Texture-aware depth regularization improves PSNR by 0.88 over direct depth PCC alignment.
The advantage is most pronounced in the extreme 5 FPS sparse setting (+6.39 PSNR).

Highlights & Insights¶

Novel problem formulation: The paper is the first to formally define and systematically study sparse-frame 4D dynamic scene reconstruction.
Texture-driven optimization strategy: The observation that sparse-frame degradation concentrates in texture-rich regions motivates a complete and principled solution.
Creative application of SGLD: Stochastic Gradient Langevin Dynamics is introduced into dynamic Gaussian optimization, with an elegant texture-guided noise term design.
PCC as a substitute for L1: PCC proves more robust than L1 as a correlation measure in the presence of spatial inconsistencies.
Real-world validation: The proposed iPhone-4D dataset demonstrates practical applicability to smartphone-captured videos.

Limitations & Future Work¶

The method may be limited in scenes with extremely sparse texture (e.g., uniformly colored surfaces).
The approach depends on the accuracy of the DPT monocular depth estimator; errors from pre-trained depth models may propagate.
The iPhone-4D dataset is small in scale (only 4 scenes), limiting the breadth of validation.
Extremely short sequences (e.g., 2–3 frames) are not explored.
The noise hyperparameters in TACO may require tuning for different scenes.

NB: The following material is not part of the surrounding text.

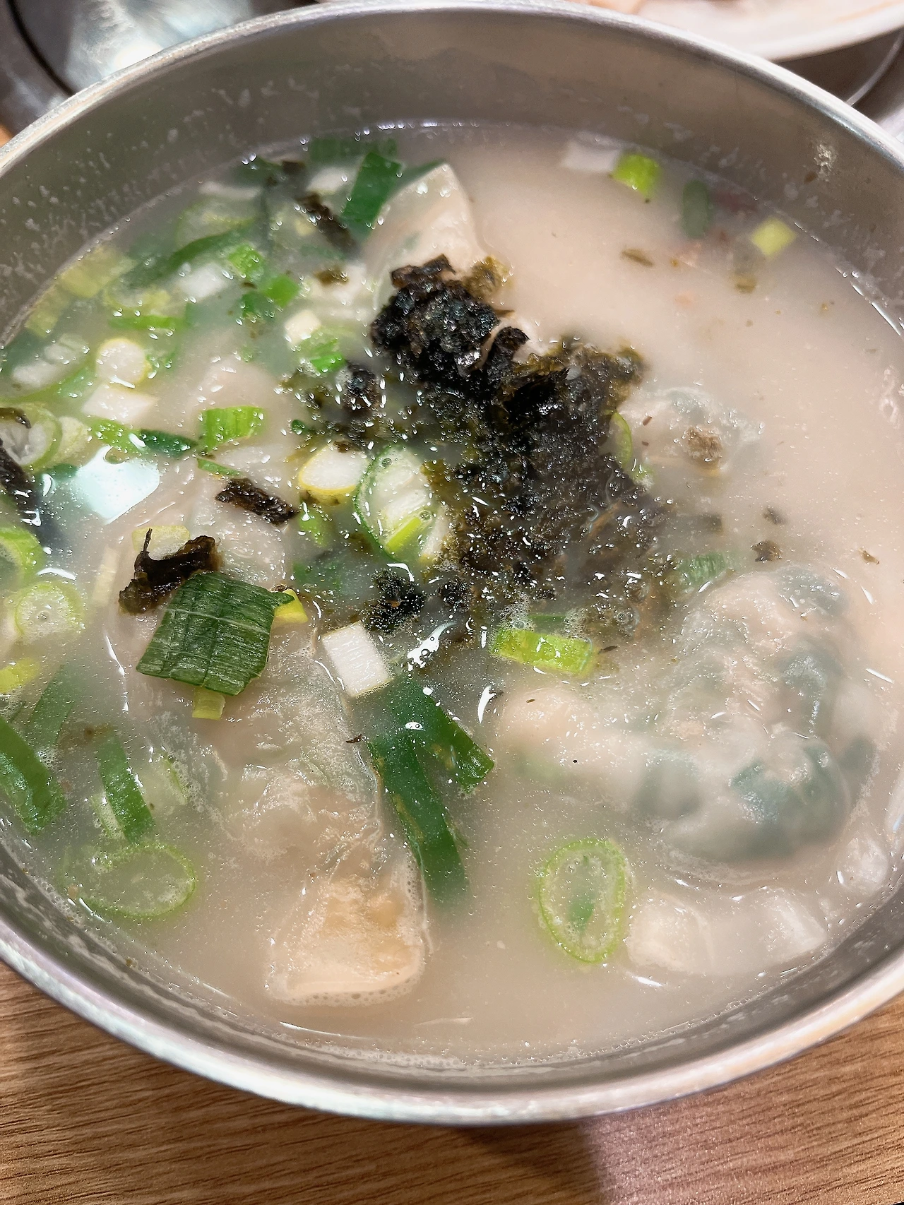 나와 나물이는 떡만둣국인데 나물이도 표정이 별로다. 나물이는 김 가루가 들어간 떡만둣국을 좋아하지 않아서 그렇다. 어쨌든 그럼에도 떡을 열심히 골라 먹는다. 만두는 고기만두만 들어있는데 3개가 들어 있다.

Dynamic Gaussian splatting: Deformable3DGS and 4DGaussians establish the standard canonical field plus deformation network framework.
Few-shot Gaussian splatting: DNGaussian introduces depth regularization, CoRGS improves the training process, and FSGS addresses sparse initialization.
SGLD in 3DGS: Kheradmand et al. first introduce SGLD into Gaussian splatting optimization.
Inspiration: The texture-guided optimization strategy is potentially transferable to other 3D reconstruction tasks with sparse inputs.

Rating¶

Novelty: ⭐⭐⭐⭐ — First sparse-frame dynamic reconstruction method; texture-aware strategy is novel.
Experimental Thoroughness: ⭐⭐⭐⭐ — Four datasets with comprehensive ablation studies.
Writing Quality: ⭐⭐⭐⭐ — Clear motivation and rigorous method derivation.
Value: ⭐⭐⭐⭐ — Direct practical value for dynamic reconstruction from low-frame-rate video.